--- WORK ORDER ---
Reproduce the whole listing that follows, character for character, and drop the images.

--- EXERCISE INPUTS ---
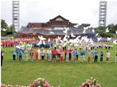
2011年万民夏季修练会(全北茂朱德裕山度假村)
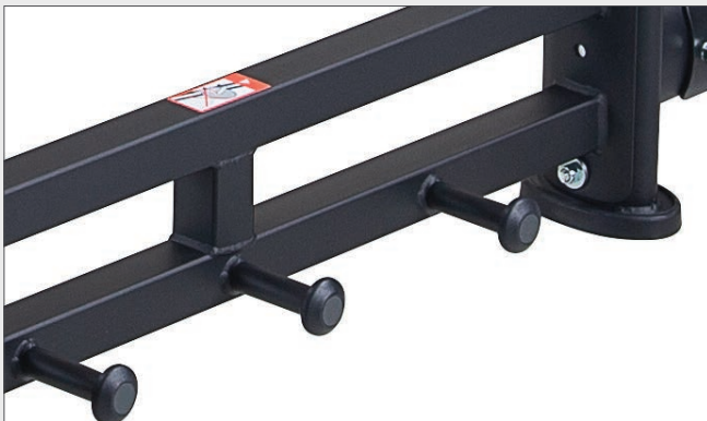
Haken für Therapiebänder
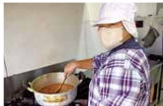
焦げないように、かたまらないように…ジャム練りが得意な利用者さん。
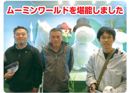
ムーミンワールドを堪能しました
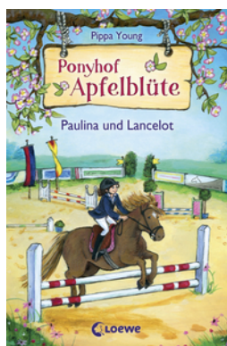
Ponyhof Apfelblüte (Band 2) - Paulina und Lancelot
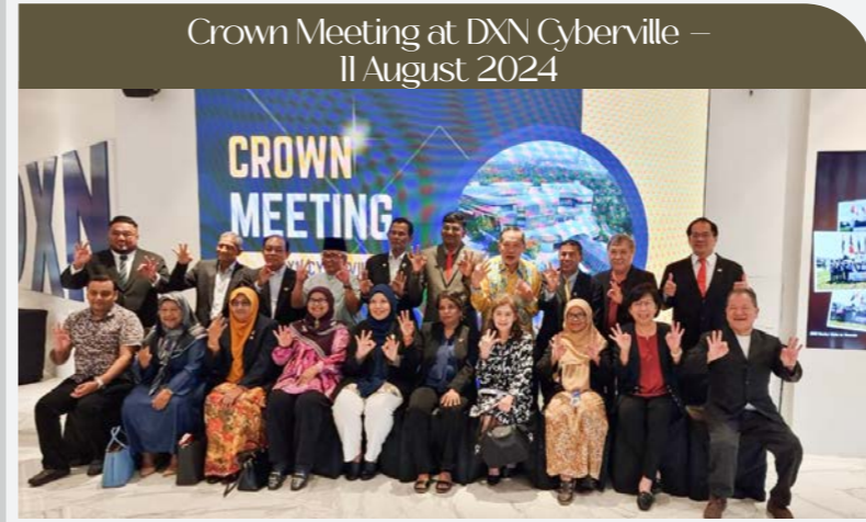
Crown Meeting at DXN Cyberville – 11 August 2024

--- OUTPUT OF THE EXERCISE ---
2011年万民夏季修练会(全北茂朱德裕山度假村)
Haken für Therapiebänder
焦げないように、かたまらないように…ジャム練りが得意な利用者さん。
ムーミンワールドを堪能しました
Ponyhof Apfelblüte (Band 2) - Paulina und Lancelot
Crown Meeting at DXN Cyberville – 11 August 2024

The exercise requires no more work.